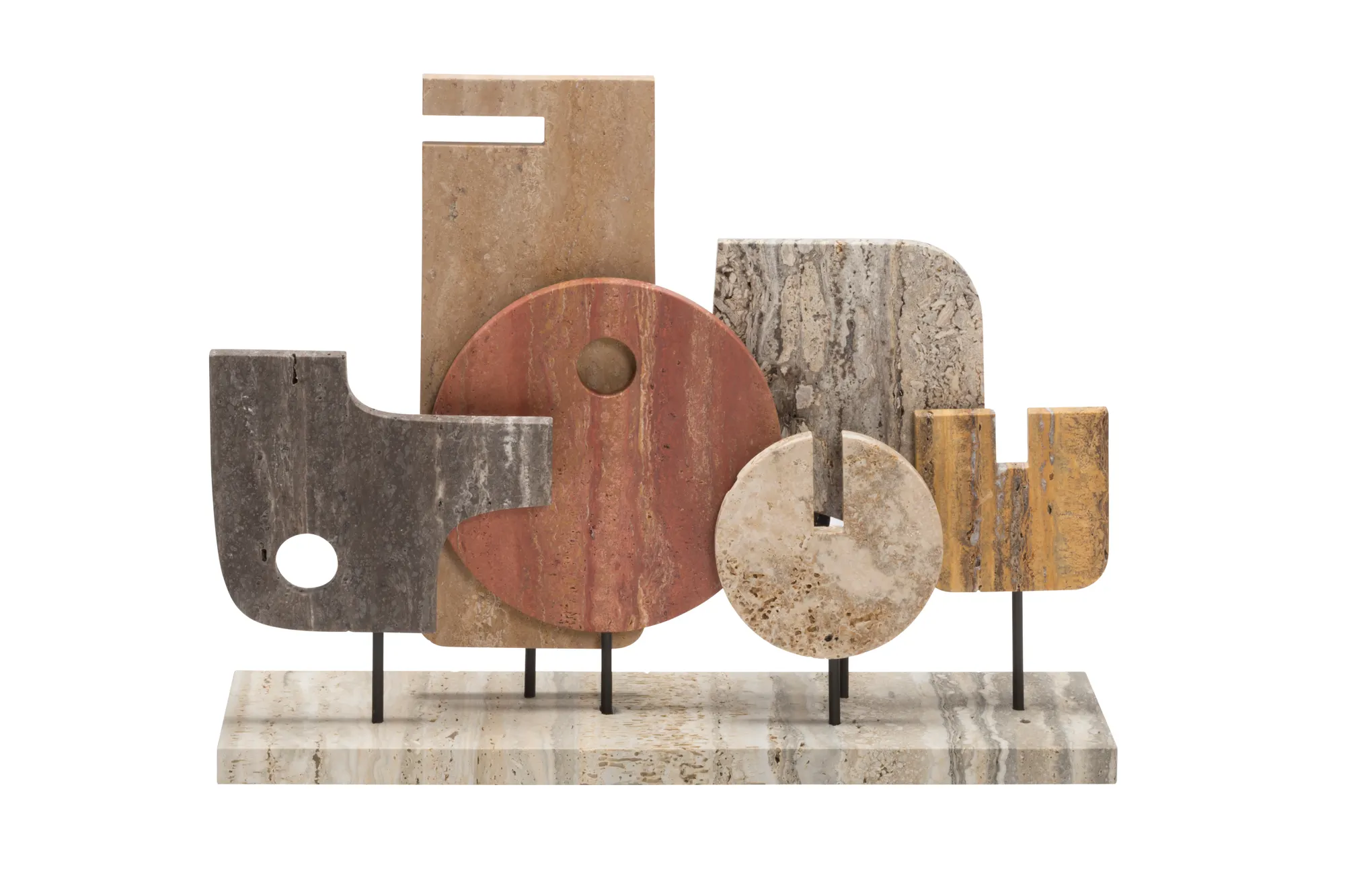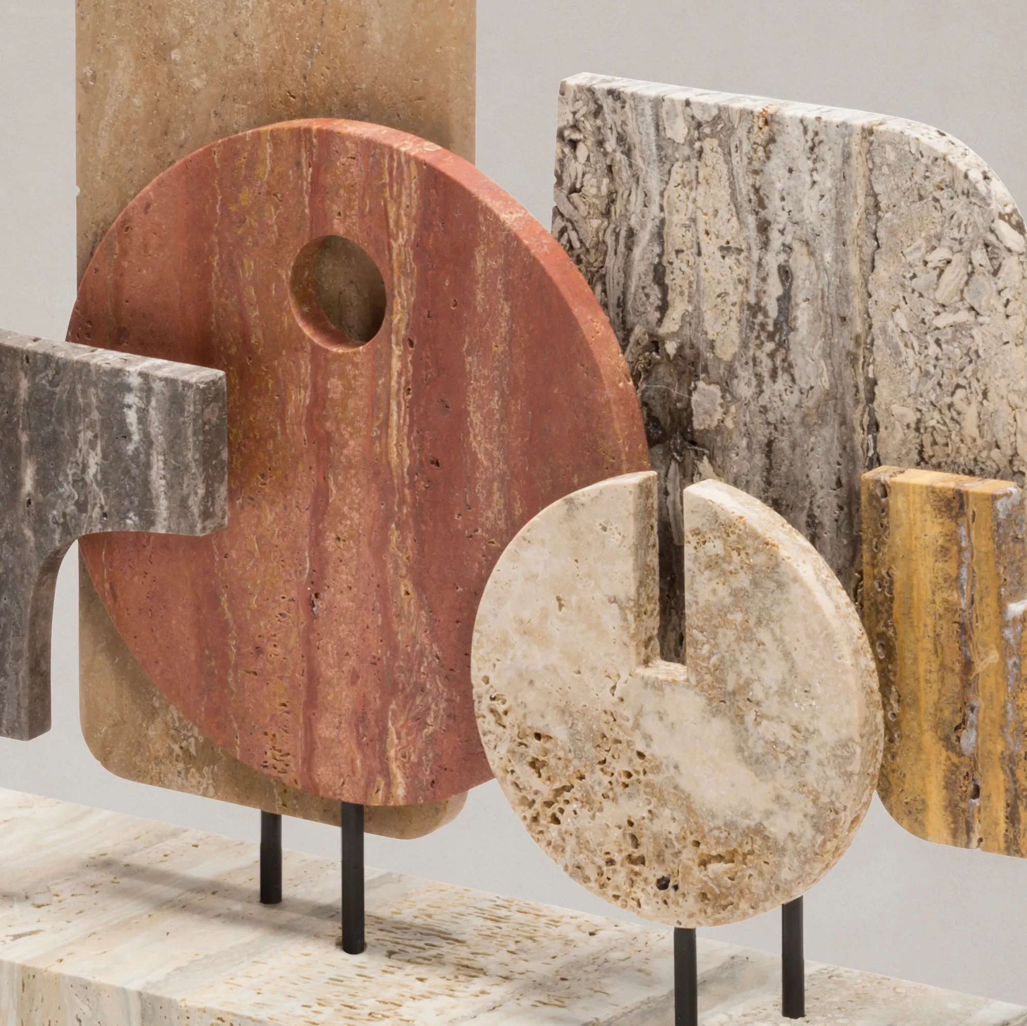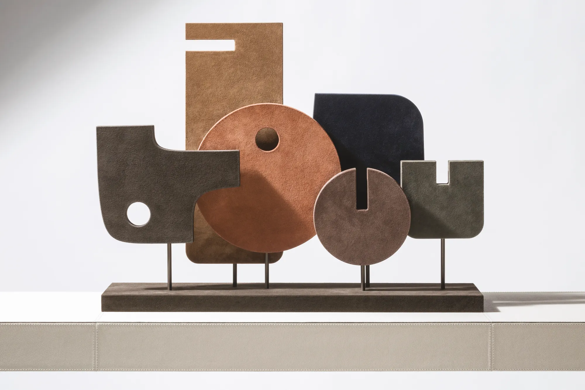 A mix of space-age design and tribal art, these contemporary totems are great decorative pieces able to create a connection between abstraction and figuration. Suede-covered wood shapes and bronze sticks.
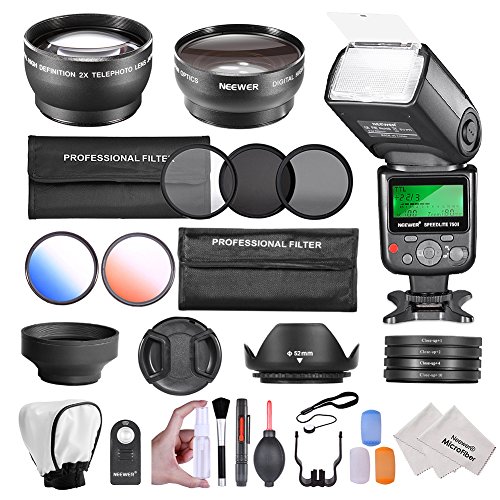 - Title : Neewer® 52MM Complete Accessory Kit for NIKON DSLR (D5300 D5200 D5100 D5000 D3300 D3200 D90 D80),Include:52mm 0.45X Wide Angle Lens+ 52mm 2X Telephoto Lens+ Neewer 750II iTTL Flash For Nikon+ Remote Control + Filter Kit (UV, CPL, ND8) + Macro Close-Up Set + 2 Color Filters + Filter Wallet Pouch + Collapsible Lens Hood + Tulip Lens Hood + Center Pinch Lens Caps + Pop-Up and Soft Flash Diffuser Kit + Deluxe Cleaning Kit with Microfiber Cleaning Cloth
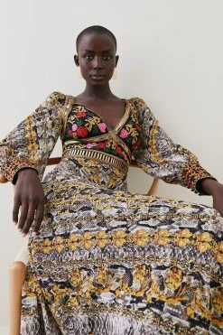 Karen Millen Baroque Embroidered And Bead Woven Midi Dress
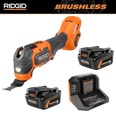 RIDGID 18V MAX Brushless Cordless Multi-Tool + 2x 4.0 Ah Batteries & Charger (AC8609340SB-R86242B) on sale for
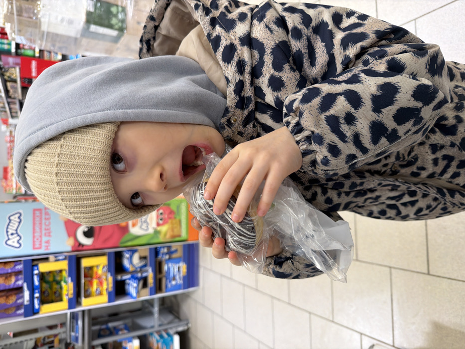 A young child, approximately 4-6 years old, is depicted in a retail grocery store in Perm, Russia, actively eating a donut
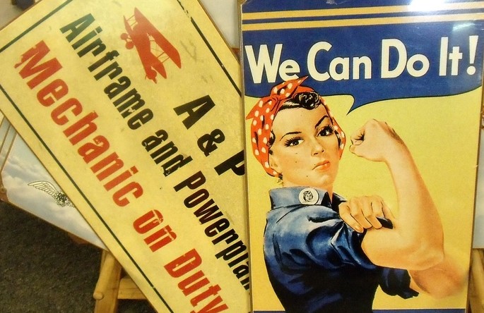 Только во время Великой депрессии и особенно Второй мировой войны женщины массово пошли на заводы и в инженерию: постер Rosie the Riveter — буквально Рози-клепальщица — один из самых узнаваемых символов американской истории Второй мировой войны, воплощающий вклад миллионов женщин в военную промышленность США. Но даже тогда доля оставалась низкой по сравнению с советским опытом. К 1950 году женщин среди инженеров в США всё ещё было менее 1 %.
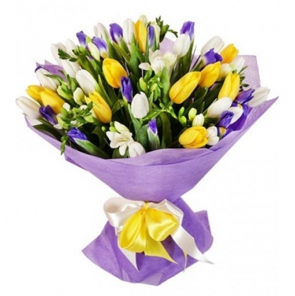 Букет "Три желания" из тюльпанов, ирисов и фрезии | Купить в Коломне

**TASK INSTRUCTIONS**
Reproduce the complete set of records verbatim and omit the pictures.

**SOLUTION TO THIS TASK**
 A mix of space-age design and tribal art, these contemporary totems are great decorative pieces able to create a connection between abstraction and figuration. Suede-covered wood shapes and bronze sticks.
 - Title : Neewer® 52MM Complete Accessory Kit for NIKON DSLR (D5300 D5200 D5100 D5000 D3300 D3200 D90 D80),Include:52mm 0.45X Wide Angle Lens+ 52mm 2X Telephoto Lens+ Neewer 750II iTTL Flash For Nikon+ Remote Control + Filter Kit (UV, CPL, ND8) + Macro Close-Up Set + 2 Color Filters + Filter Wallet Pouch + Collapsible Lens Hood + Tulip Lens Hood + Center Pinch Lens Caps + Pop-Up and Soft Flash Diffuser Kit + Deluxe Cleaning Kit with Microfiber Cleaning Cloth
 Karen Millen Baroque Embroidered And Bead Woven Midi Dress
 RIDGID 18V MAX Brushless Cordless Multi-Tool + 2x 4.0 Ah Batteries & Charger (AC8609340SB-R86242B) on sale for
 A young child, approximately 4-6 years old, is depicted in a retail grocery store in Perm, Russia, actively eating a donut
 Только во время Великой депрессии и особенно Второй мировой войны женщины массово пошли на заводы и в инженерию: постер Rosie the Riveter — буквально Рози-клепальщица — один из самых узнаваемых символов американской истории Второй мировой войны, воплощающий вклад миллионов женщин в военную промышленность США. Но даже тогда доля оставалась низкой по сравнению с советским опытом. К 1950 году женщин среди инженеров в США всё ещё было менее 1 %.
 Букет "Три желания" из тюльпанов, ирисов и фрезии | Купить в Коломне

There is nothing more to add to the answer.